18 Maar met u zal Ik mijn verbond sluiten: Gij moet de ark binnengaan: gij zelf en uw zonen, uw vrouw en de vrouwen uwer zonen met u.
But I will establish my covenant with you. You are to come into the ship, you, your sons, your wife, and your sons' wives with you.
19 Ook moet ge van alle levende wezens een paar in de ark brengen, om ze met u in het leven te behouden; mannetje en wijfje moeten het zijn.
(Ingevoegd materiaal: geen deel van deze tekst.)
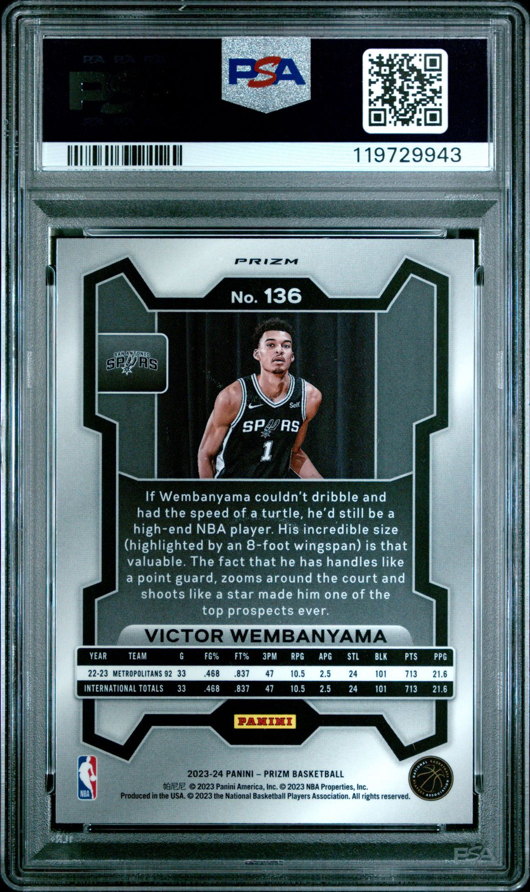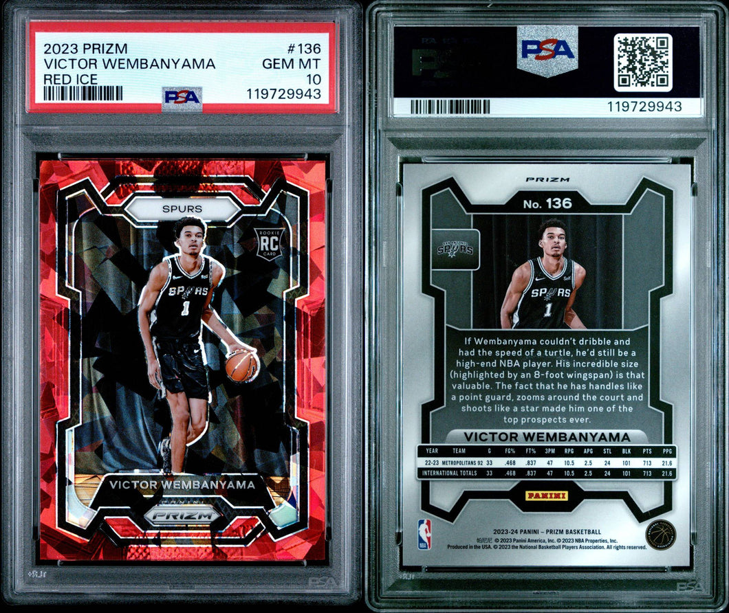 2023-24 Prizm Basketball Card Victor Wembanyama Red Ice Prizm RC #136 PSA 10
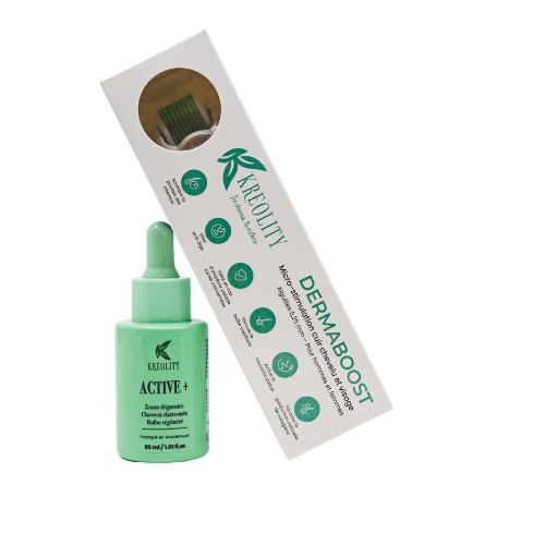 Dermaboost (dermaroller) : stimule la microcirculation et active le bulbe pileux afin d’aider les cheveux qui peinent à pousser à sortir plus facilement.
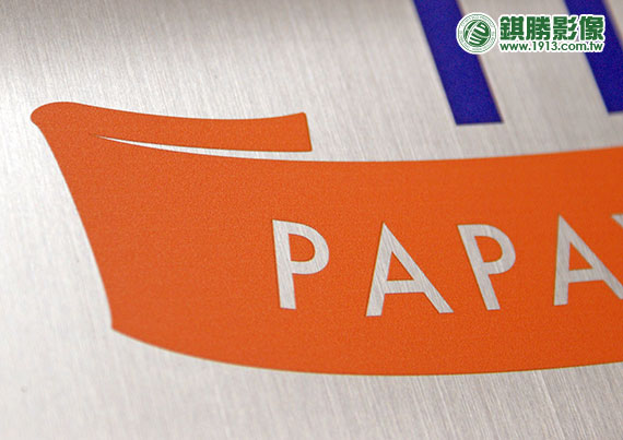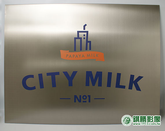 詳細說明:設計師使用不鏽鋼底材作為新一代店面的視覺小招牌,不僅可全彩局部印刷形成摟空字效果(圖右上 / 橘色),還可同時保留金屬髮絲紋路唷!另外,因UV直印的油墨具有半透性,故此案例有印刷色彩的部分皆有印白墨襯底,使淺色更為飽和顯眼!數量不限,一件即可印!
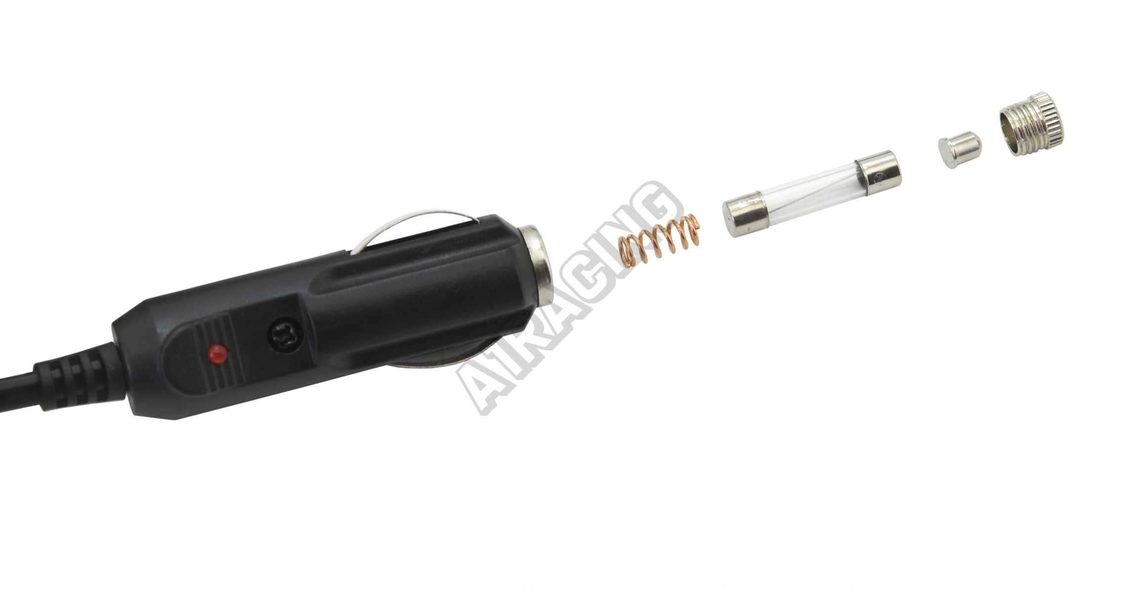 Zapojení do běžné zásuvky automobilového zapalovače 12V konektorem. Zásuvka je opatřená skleněnou pojistkou.
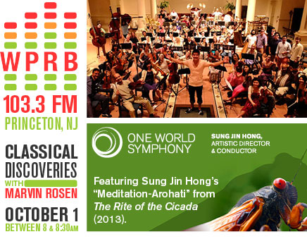 On October 1, 2014 between 8:00 and 8:30 AM, Classical Discoveries with Marvin Rosen on WPRB at Princeton, NJ will air Sung Jin Hong's “Meditation-Arohati” from the Rite of the Cicada (2013). The recording is from the live unedited world premiere performance by One World Symphony under the guidance of composer-conductor Sung Jin Hong. Inspired by the re-emergence of Brood II Magicicadas, the symphonic-poem is scored for vocal soloist, large symphony orchestra and audiences.
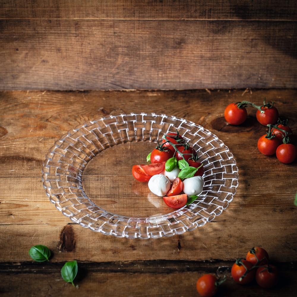 Nachtmann-ის 23 სმ დიამეტრის მრგვალი თეფში, BossaNova-ს სერიიდან, დამზადებულია მაღალი ხარისხის კრისტალური მინისგან, რაც მის ხანგრძლივ გამოყენებასა და გამძლეობას უზრუნველყოფს. ნაკრებში შედის ორი ცალი იდენტური თეფში. დახვეწილი დიზაინი შესანიშნავად მოერგება თქვენს სუფრას. თეფში განკუთვნილია სხვადასხვა კერძებისა თუ დესერტების სერვირებისთვის.
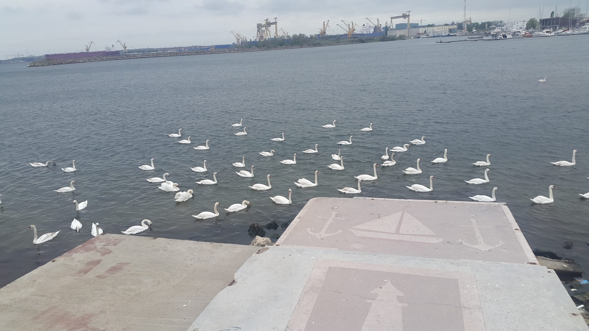 Acestea sunt hrănite de locuitori și turiști, devenind un punct de atracție în plus pentru portul Mangalia.

Of every living thing of all flesh, you are to bring two of every sort into the ship, to keep them alive with you. They shall be male and female.
20 En van alle verschillende soorten van vogels, van alle soorten van beesten, van alle soorten van dieren, die kruipen over de aarde; van alles zal er een paar tot u komen om in het leven te blijven.
Of the flying creatures after their kind, of the animals after their kind, and of every crawling creature of the ground after their kind, two of every sort shall come to you, to keep them alive.
21 Ge moet u ook van alle eetbare spijzen voorzien, en die meenemen, om u en hun tot voedsel te dienen.
And as for you, take for yourself all the kinds of food that are eaten, and gather it to yourself; and it will be food for you, and for them."
22 Noë deed het; hij deed al wat God hem gebood.
Thus Noah did. According to all that God commanded him, so he did.